Noviforum Ltd.
- Company type: Public
- Industry: Internet, software, databases
- Founded: Ljubljana, Slovenia (1994)
- Headquarters: Ljubljana, Slovenia, SLO
- Products: Najdi.si, Pogodak
- Number of employees: 65 (2007)
- Website: www.noviforum.si

= Noviforum =

Noviforum Ltd. is a Slovenian company that has its headquarters in Ljubljana, Slovenia. It has created the most popular search engine and portal in Slovenia called Najdi.si. It launched in April 2005.

== Products ==
- Interseek Technology: a search engine technology written in Java that has many features. One of them is a Google like ranking system. ( see PageRank ).
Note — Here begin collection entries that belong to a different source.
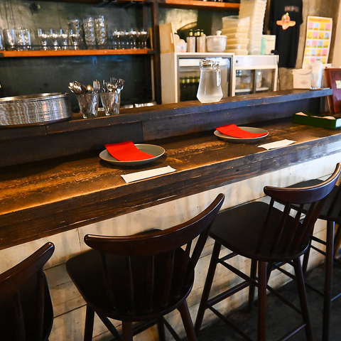 おひとり様でもご来店しやすいカウンター席を完備。お食事利用やしっぽり飲みなどお好みのシーンでお気軽にご利用ください。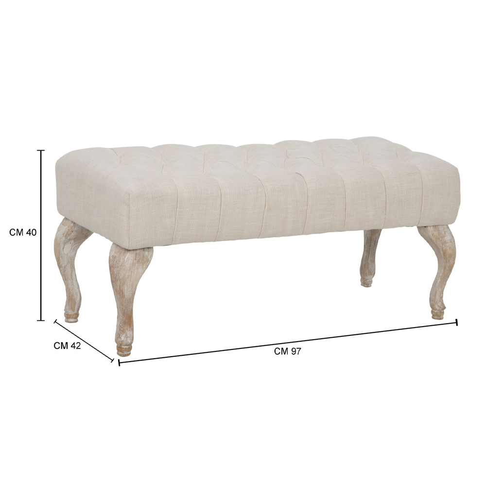 Shabby chic stil bænk lavet af træ med polstret sæde og helt dækket i quiltet effektstof . Et supplement med et enkelt og raffineret design, der beriger hjemlige rum som indgange, opholdsrum, men også soveværelser og korridorer med et eksklusivt præg takket være sin elegante personlighed og sin provencalske stil .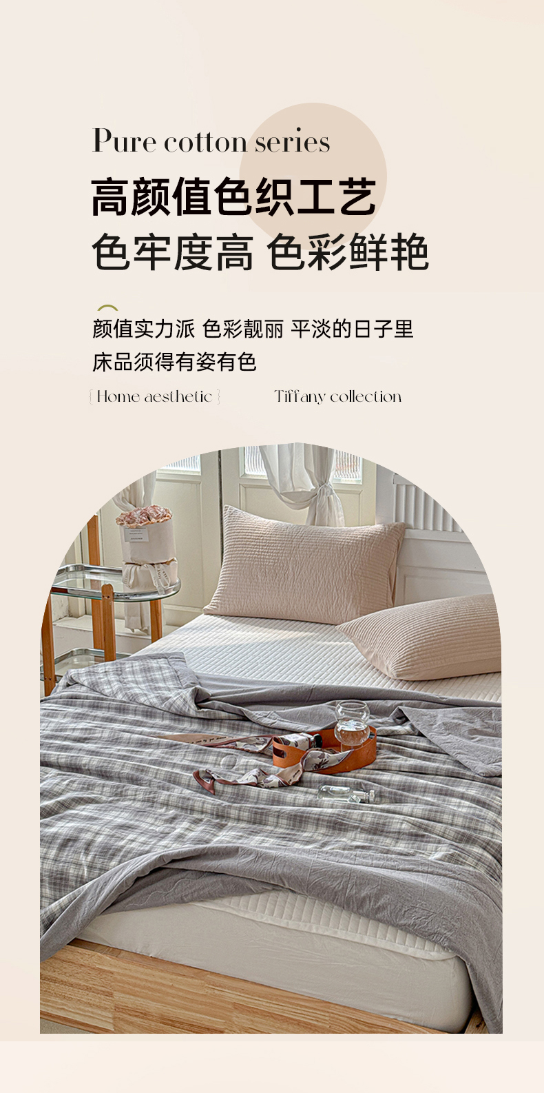 (总)源舜家纺 2025新款色织棉简约韩系花边床盖三件套,简约灰,简约粉,简约绿,简约驼,简约蓝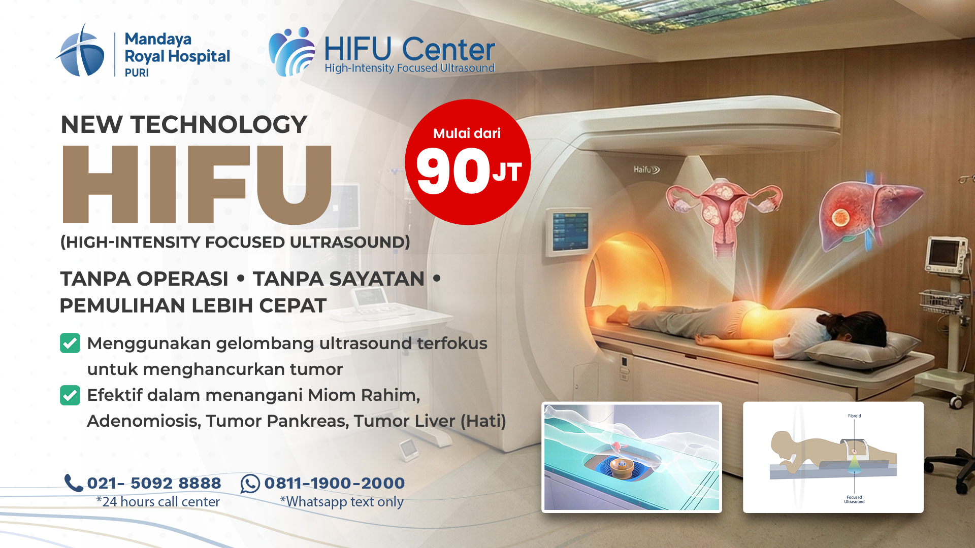 HIFU (High-Intensity Focused Ultrasound) adalah teknologi terapi modern yang bekerja dengan menggunakan gelombang ultrasound berintensitas tinggi yang difokuskan secara presisi ke titik kecil pada jaringan miom atau tumor, cara kerjanya: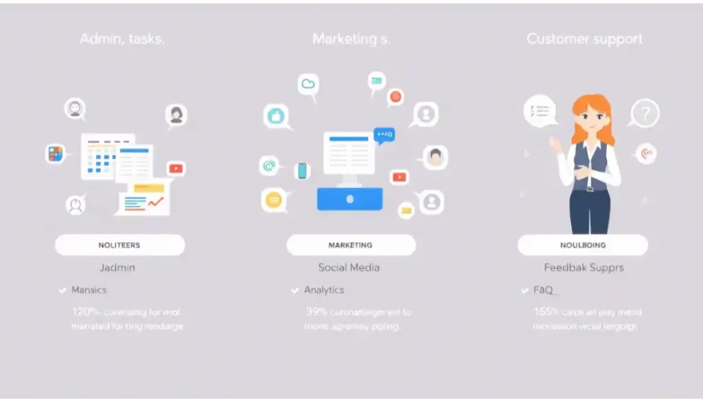 Les tâches répétitives représentent souvent jusqu’à 40% du temps de travail des équipes. Les assistants virtuels, particulièrement ceux basés sur l’IA, peuvent automatiser :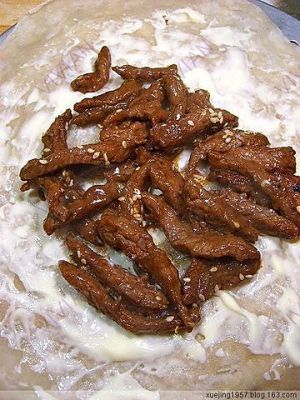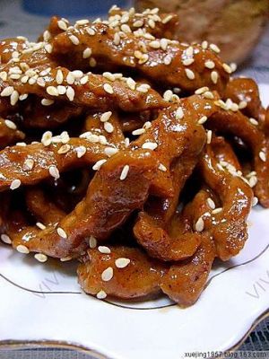 锅里倒入热油,把牛肉条炒熟,用水淀粉勾芡,出锅淋上白芝麻。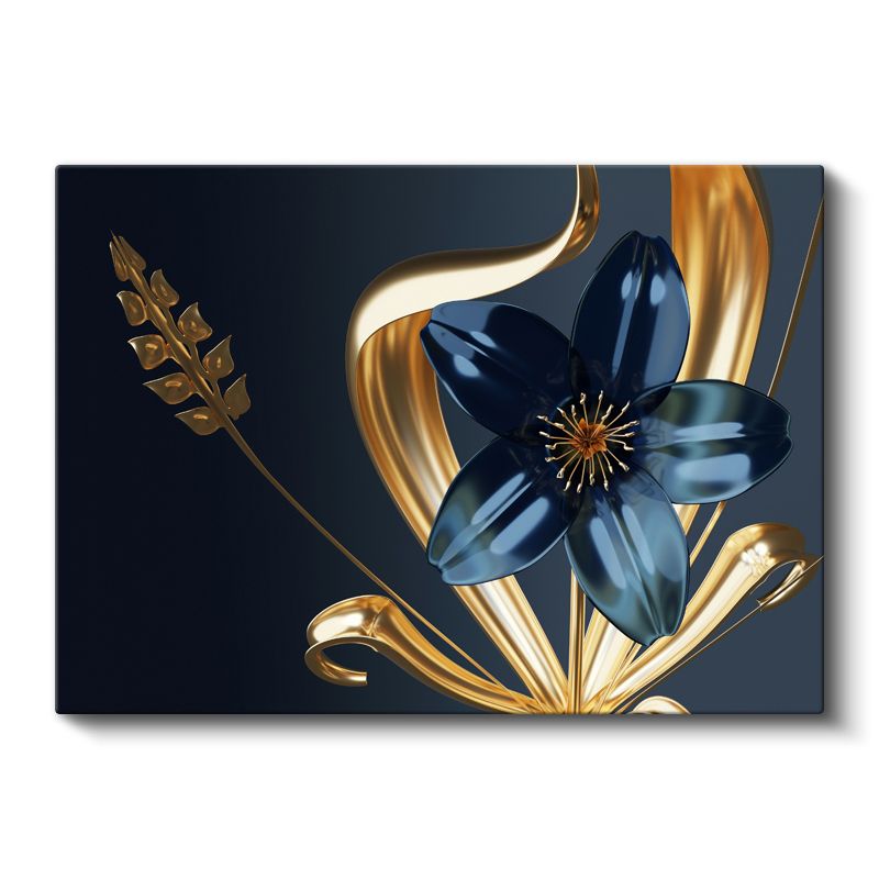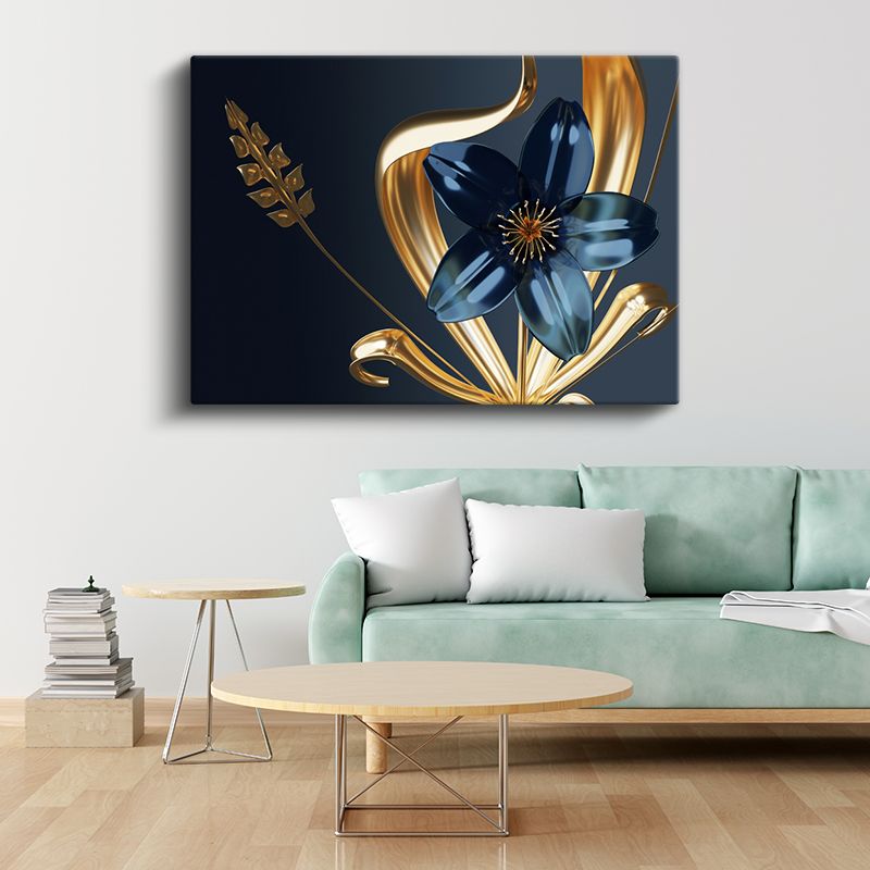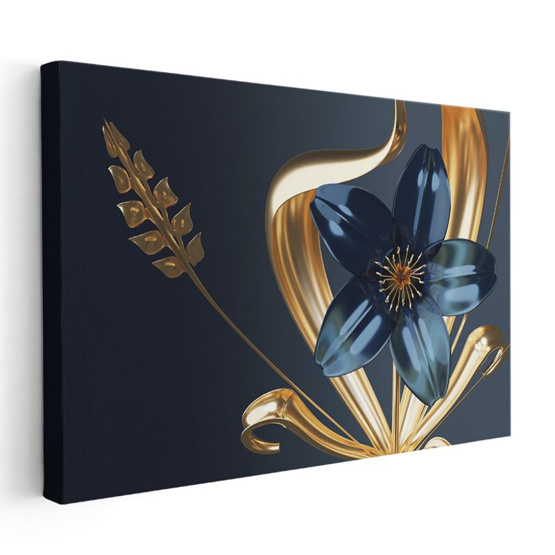 Zarif Çiçek - Altın ve Lacivert Kontrast Kanvas Tablo

For a full feature list, see here.
- IPIS: IPIS is a software, containing the biggest catalogue of various information of all Slovene business subjects (enterprises, organisations).
- IBON: iBON is a computer organized database of prudential reports and finance information gathered on a CD-ROM for Slovene businesses published since 1994.
- Najdi.si Map: much like Google Maps, only centered on Slovenia. If you want to see the map, see here.
- Najdi.si Free SMS: A tool that allows all Slovenians to send a limited number of free SMS messages per day. As of January 2012, the number of free SMSes is limited to 40.